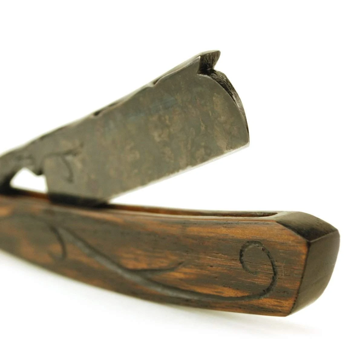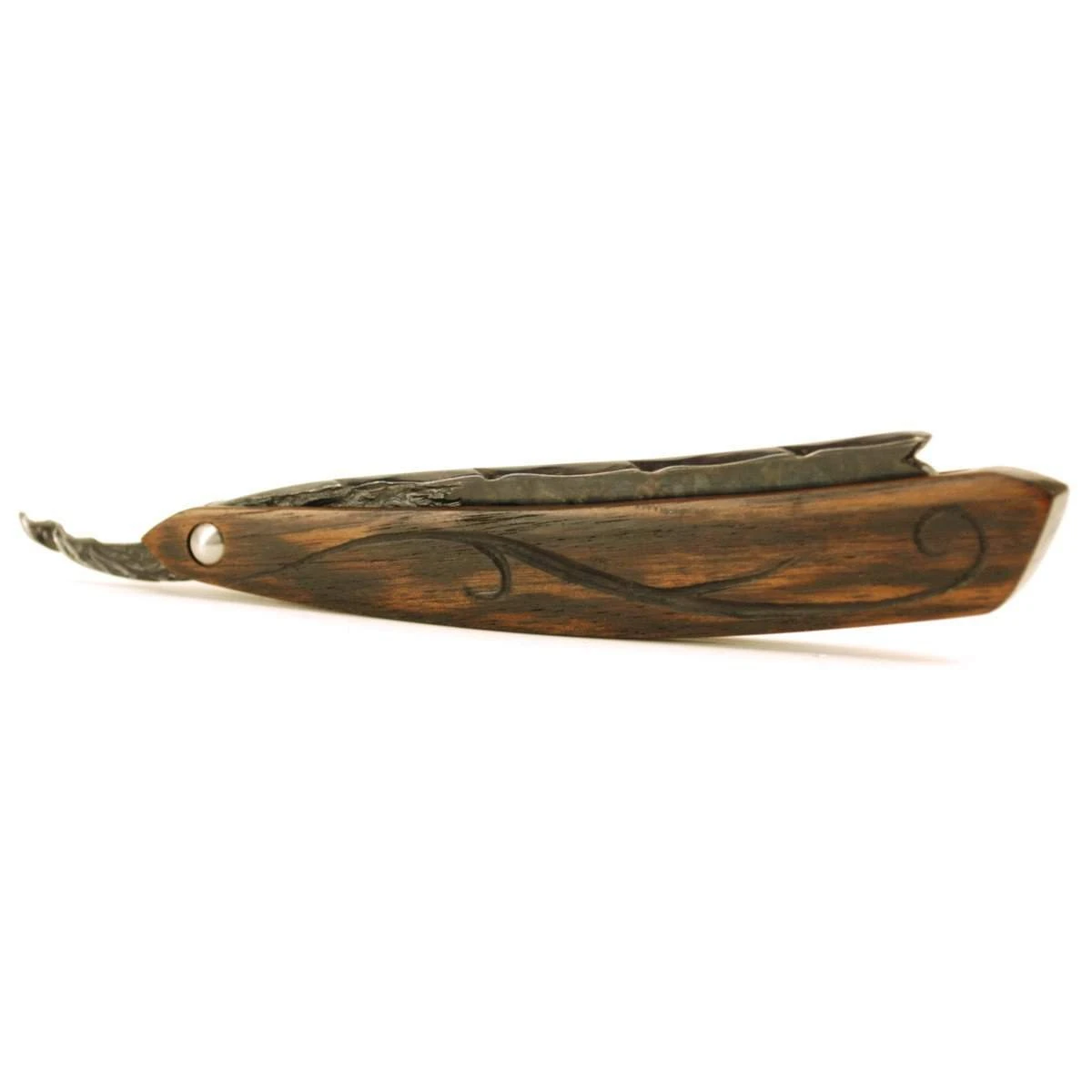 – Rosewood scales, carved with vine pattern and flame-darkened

--

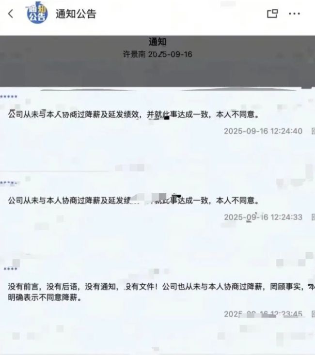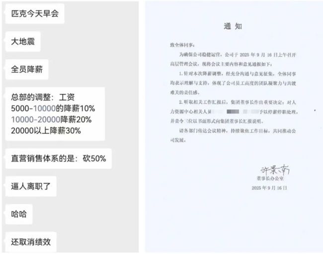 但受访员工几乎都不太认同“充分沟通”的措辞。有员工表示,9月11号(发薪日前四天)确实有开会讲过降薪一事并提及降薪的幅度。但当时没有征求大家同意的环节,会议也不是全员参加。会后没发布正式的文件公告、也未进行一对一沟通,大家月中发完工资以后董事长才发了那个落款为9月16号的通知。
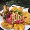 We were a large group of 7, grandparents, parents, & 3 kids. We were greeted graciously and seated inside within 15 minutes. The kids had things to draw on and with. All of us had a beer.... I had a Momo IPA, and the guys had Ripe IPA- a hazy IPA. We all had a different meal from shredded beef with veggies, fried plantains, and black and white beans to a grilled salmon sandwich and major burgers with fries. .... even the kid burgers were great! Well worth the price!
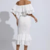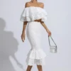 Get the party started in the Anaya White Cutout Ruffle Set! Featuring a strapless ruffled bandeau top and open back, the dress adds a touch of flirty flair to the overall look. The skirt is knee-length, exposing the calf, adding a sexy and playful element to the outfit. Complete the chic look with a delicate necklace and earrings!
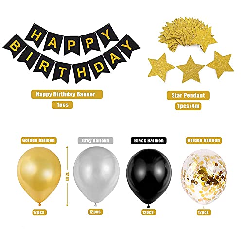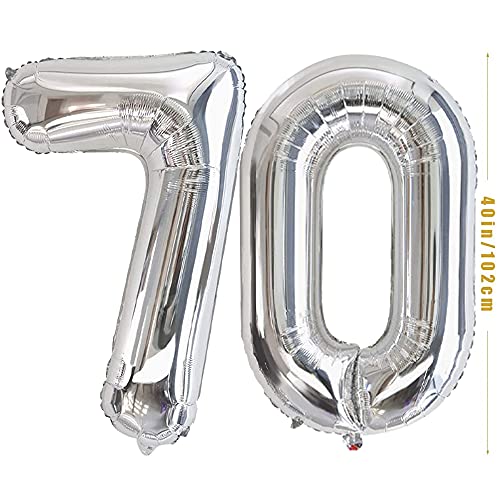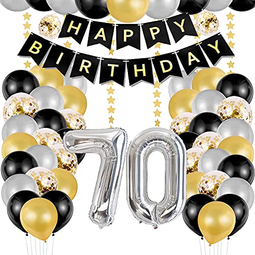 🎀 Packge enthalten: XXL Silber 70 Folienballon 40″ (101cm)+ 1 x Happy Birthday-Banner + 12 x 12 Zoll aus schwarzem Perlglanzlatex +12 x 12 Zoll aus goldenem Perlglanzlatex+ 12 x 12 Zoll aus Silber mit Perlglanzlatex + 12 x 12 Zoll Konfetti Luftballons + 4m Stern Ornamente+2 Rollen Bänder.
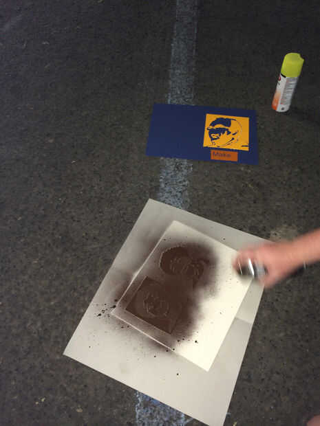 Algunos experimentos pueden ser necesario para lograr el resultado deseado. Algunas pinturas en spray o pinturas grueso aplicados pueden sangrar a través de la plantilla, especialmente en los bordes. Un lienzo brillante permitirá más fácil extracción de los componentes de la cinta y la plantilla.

Task goal: Repeat only the stretch of data above that runs from the line with "Get the party" to the line with "Algunos experimentos pueden". Keep both end lines; exclude pictures.

Written reply:
 Get the party started in the Anaya White Cutout Ruffle Set! Featuring a strapless ruffled bandeau top and open back, the dress adds a touch of flirty flair to the overall look. The skirt is knee-length, exposing the calf, adding a sexy and playful element to the outfit. Complete the chic look with a delicate necklace and earrings!
 🎀 Packge enthalten: XXL Silber 70 Folienballon 40″ (101cm)+ 1 x Happy Birthday-Banner + 12 x 12 Zoll aus schwarzem Perlglanzlatex +12 x 12 Zoll aus goldenem Perlglanzlatex+ 12 x 12 Zoll aus Silber mit Perlglanzlatex + 12 x 12 Zoll Konfetti Luftballons + 4m Stern Ornamente+2 Rollen Bänder.
 Algunos experimentos pueden ser necesario para lograr el resultado deseado. Algunas pinturas en spray o pinturas grueso aplicados pueden sangrar a través de la plantilla, especialmente en los bordes. Un lienzo brillante permitirá más fácil extracción de los componentes de la cinta y la plantilla.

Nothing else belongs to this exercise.